Wed Mar 24 02:09:04 GMT 2021

On Tue, Mar 23, 2021 at 1:49 PM Luke Kenneth Casson Leighton
<lkcl at lkcl.net> wrote:
>
> On Tuesday, March 23, 2021, Richard Wilbur <richard.wilbur at gmail.com> wrote:
> >
> > What "predicate mask bits" will the "Dynamic Partitioned ALUs" be
> > receiving?
>
>
> one option is: absolutely none whatsoever.  you may not have realised the
> significance of "bypass the ALU entirely".

I think I have a pretty good handle on "bypass the ALU entirely" as
being similar to "just store 0 in the destination".  I asked the above
question because of something you said in an E-mail message in this
thread which I received on 21 Mar (you sent on 22 Mar),
"bear in mind two things.

1) Dynamic Partitioned ALUs will require receiving MULTIPLE predicate mask
bits i.e. cover multiple src/dest steps.

2) Multi-issue will require multiple src/dest steps per clock."

I attempted to directly ask about thing #1.  In an intervening message
I had asked if the Dynamic Partitioned ALUs would be receiving source
and destination predication masks, to which you replied, "neither."
This was a follow-up question to try and clarify things.

> conceptually however for 8 16 and 32 bit the bytelevel write-enable lines
> are "expanded predicate mask bits only not really".  anything passed in to
> the ALUs in positions which are not going to be written we simply don't
> give a damn.
>
> when clock gating becomes possible this is an entirely different matter.
> each dynamic lane *at the byte level* will need gating.

So, it sounds like the source and destination predication masks are
important to the issuer in determining which parts of the source
vector to read and process and which parts of the destination vector
to write.  The byte-level write-enable lines look like they have more
to do with how the SIMD ALUs are partitioned and store their results.

> > > a masked equivalent would be handy.
> >
> > What do you mean?
>
> start from a position other than the start.  basically shift the value
> down, trash N bits, then count.

Latest revision has that as well.  That is what is required to start
where we left off after returning from an interrupt.

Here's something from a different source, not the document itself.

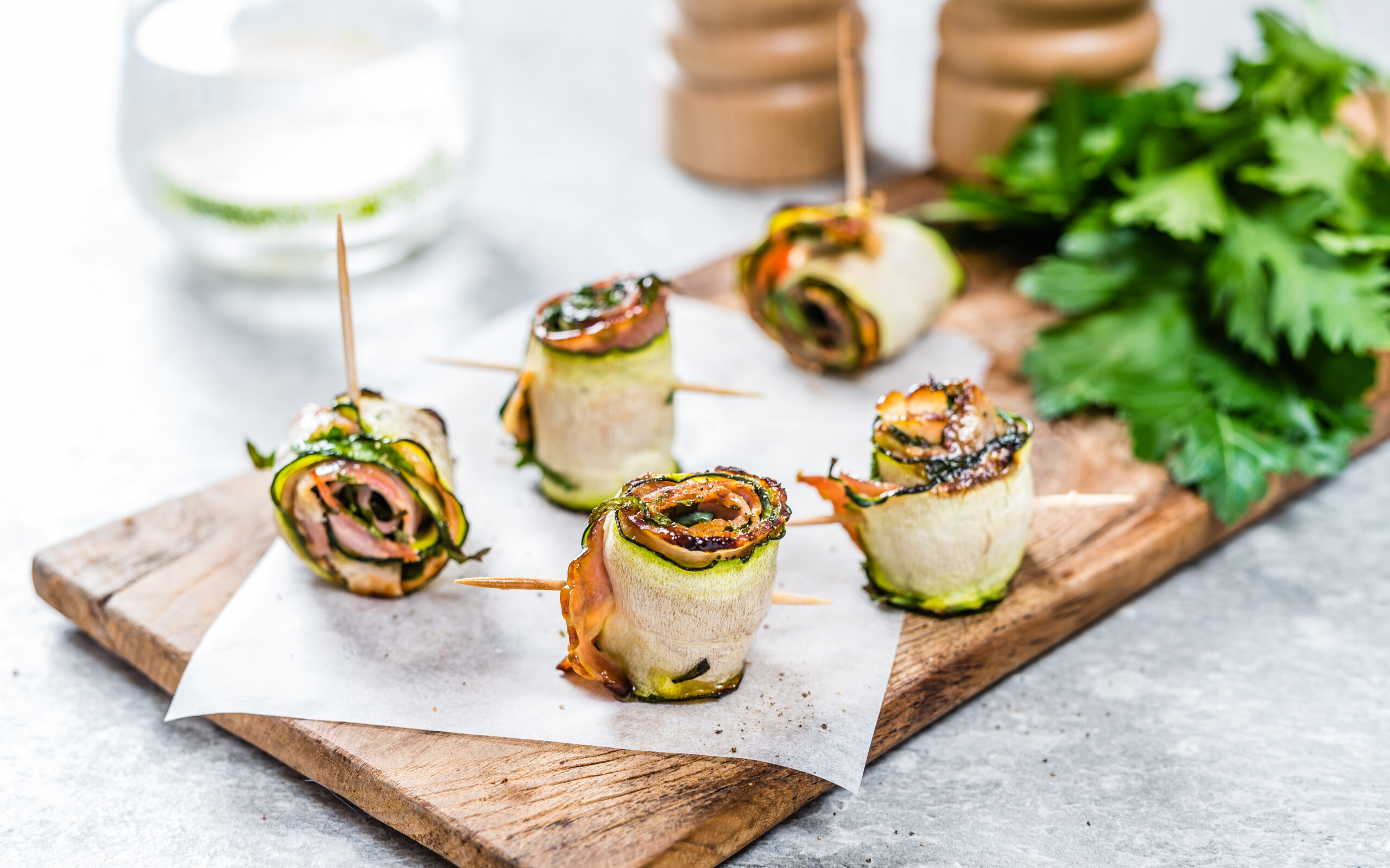 Lõika suvikõrvitsast pikkupidi õhukesed viilud, tee sama peekoniga, haki petersell.

> > Where in the loop is the valid exit point if an interrupt occurs?
>
> at any time.  it's a Sub-Program-Counter and should be treated as such.

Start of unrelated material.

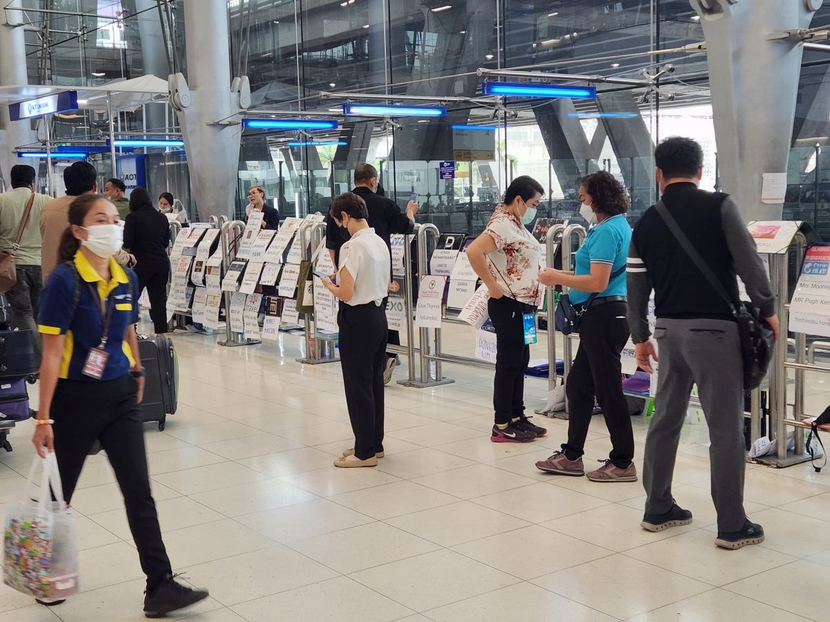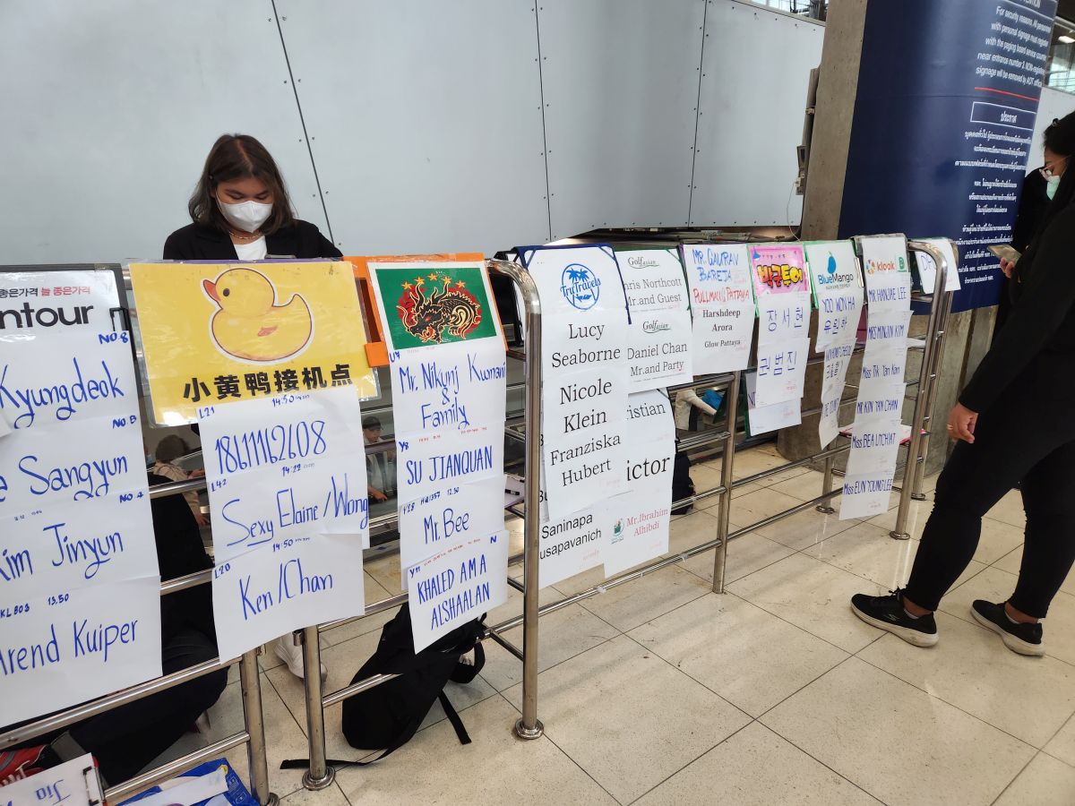 As usual, we are always amazed that we get food and beverage on a 40 minute flight! It is crazy that all these Asian and European (but mostly Asian) airlines can do this but American airlines can’t. Sad, really. Ok – rant done. Arriving in BKK, we grab our bags then head out into the arrivals area to find our pre-booked taxi. OMG! First of all, it is a zoo out here. Tons and tons and tons of people milling about, some drivers with signs, some deplaning passengers, some family. An assault to the senses. But then, there is the pre-booked taxi area. We have never, ever seen anything like this! Yards and yards of paper signs held up by tape on railings that run along both sides of the arrival hall. There must have been hundreds of names on those signs. You have to walk up and down each display to find your name, then one of the helpful attendants grabs your name off the railing and calls your driver. Incredible!

I don't see the "Sub-Program-Counter" in the SVSTATE documentation.  I
see the srcstep, dststep, and svstep.  Do we always finish an issue in
progress?  In other words, after we update srcstep, if we get an
interrupt (hardware) before we update dststep, do we jump out of the
loop before we update dststep?  If this is how it works, this could be
difficult to restart at that particular spot.  Whereas, if we jump out
of the loop at the bottom, after issuing the instruction and
incrementing srcstep and dststep.